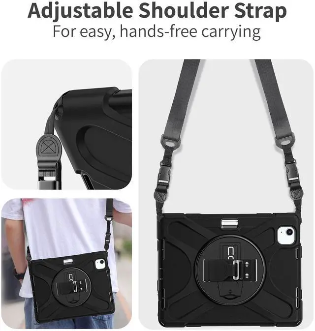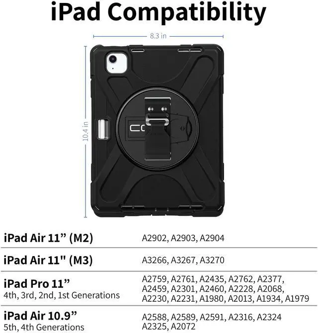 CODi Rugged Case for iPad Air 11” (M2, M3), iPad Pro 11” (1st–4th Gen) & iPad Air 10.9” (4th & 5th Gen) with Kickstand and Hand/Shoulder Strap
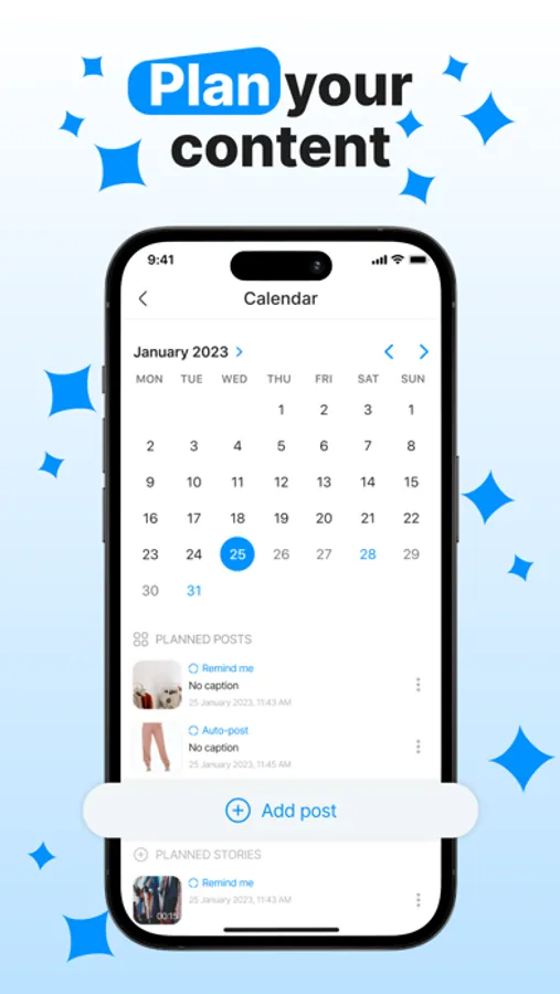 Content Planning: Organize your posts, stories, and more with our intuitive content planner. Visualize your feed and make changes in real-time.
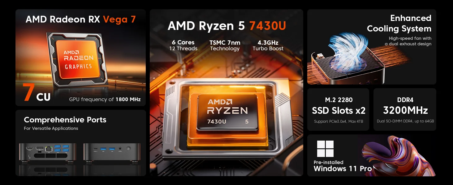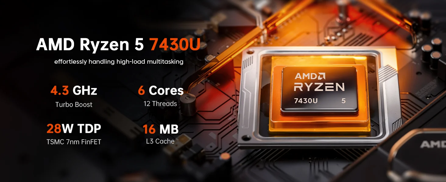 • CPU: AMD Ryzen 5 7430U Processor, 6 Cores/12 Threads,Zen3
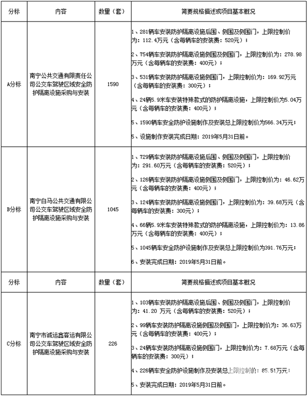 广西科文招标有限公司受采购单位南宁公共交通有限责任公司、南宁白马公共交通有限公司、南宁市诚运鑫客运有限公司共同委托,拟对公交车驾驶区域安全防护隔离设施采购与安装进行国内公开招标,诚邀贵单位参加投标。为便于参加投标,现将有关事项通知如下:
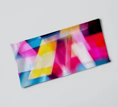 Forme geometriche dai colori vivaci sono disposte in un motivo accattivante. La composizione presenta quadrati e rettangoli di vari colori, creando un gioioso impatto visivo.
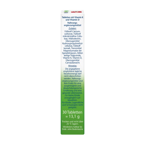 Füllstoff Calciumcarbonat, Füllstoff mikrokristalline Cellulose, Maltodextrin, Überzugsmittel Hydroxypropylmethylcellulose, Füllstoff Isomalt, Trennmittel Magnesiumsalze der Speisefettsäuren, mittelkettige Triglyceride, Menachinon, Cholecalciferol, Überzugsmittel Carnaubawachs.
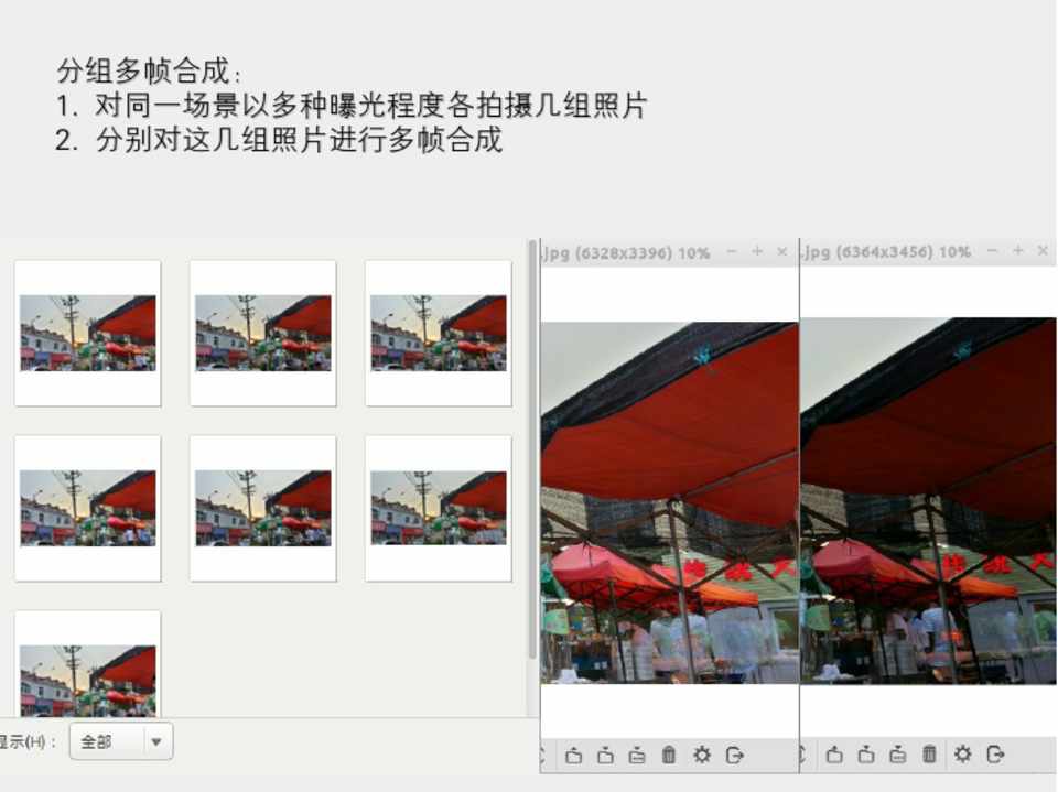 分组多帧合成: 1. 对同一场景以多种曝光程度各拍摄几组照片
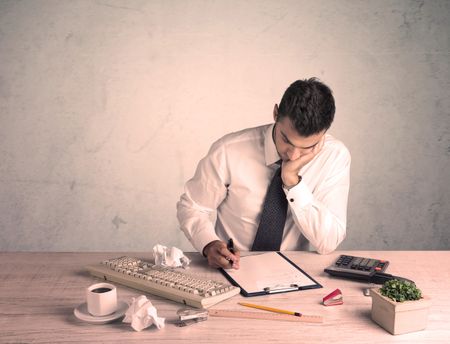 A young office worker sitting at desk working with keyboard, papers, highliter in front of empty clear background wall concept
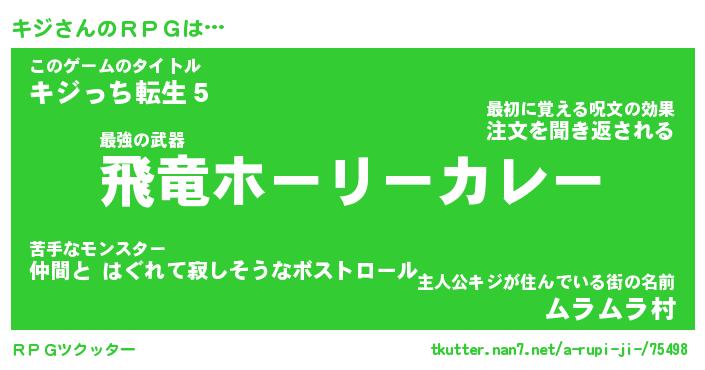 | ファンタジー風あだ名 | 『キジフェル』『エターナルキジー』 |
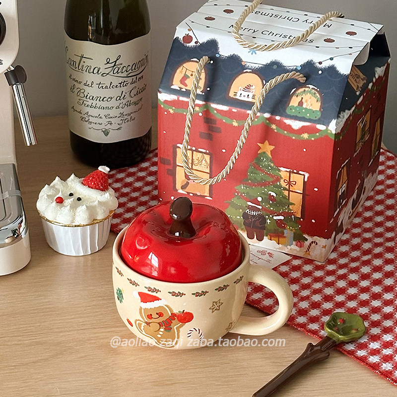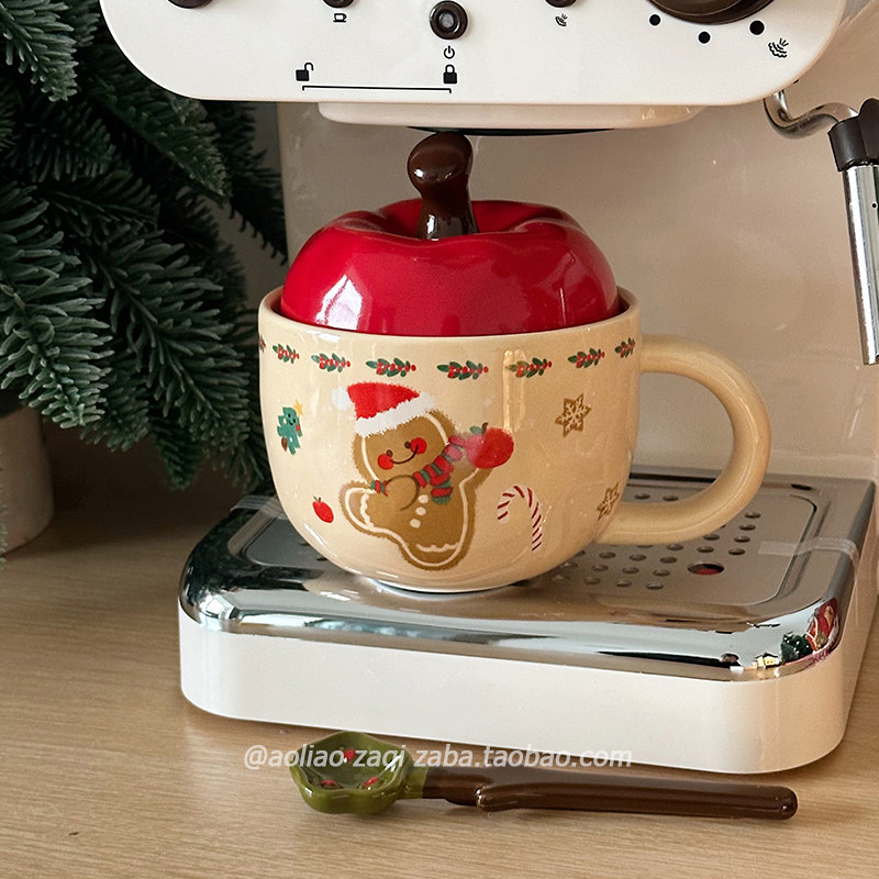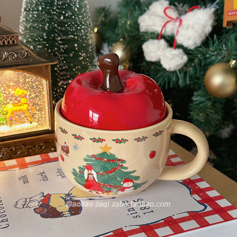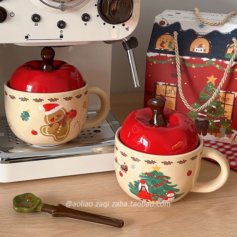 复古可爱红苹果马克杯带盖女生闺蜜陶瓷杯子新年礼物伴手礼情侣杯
# # # # # # #
TRY IT: Print exactly the span of lines that begins with the line containing "分组多帧合成: 1. 对同一场景以多种曝光程度各拍摄几组照片" and ends with the last line of the listing, with no pictures.

RESPONSE TO THE EXERCISE:
 分组多帧合成: 1. 对同一场景以多种曝光程度各拍摄几组照片
 A young office worker sitting at desk working with keyboard, papers, highliter in front of empty clear background wall concept
 | ファンタジー風あだ名 | 『キジフェル』『エターナルキジー』 |
 复古可爱红苹果马克杯带盖女生闺蜜陶瓷杯子新年礼物伴手礼情侣杯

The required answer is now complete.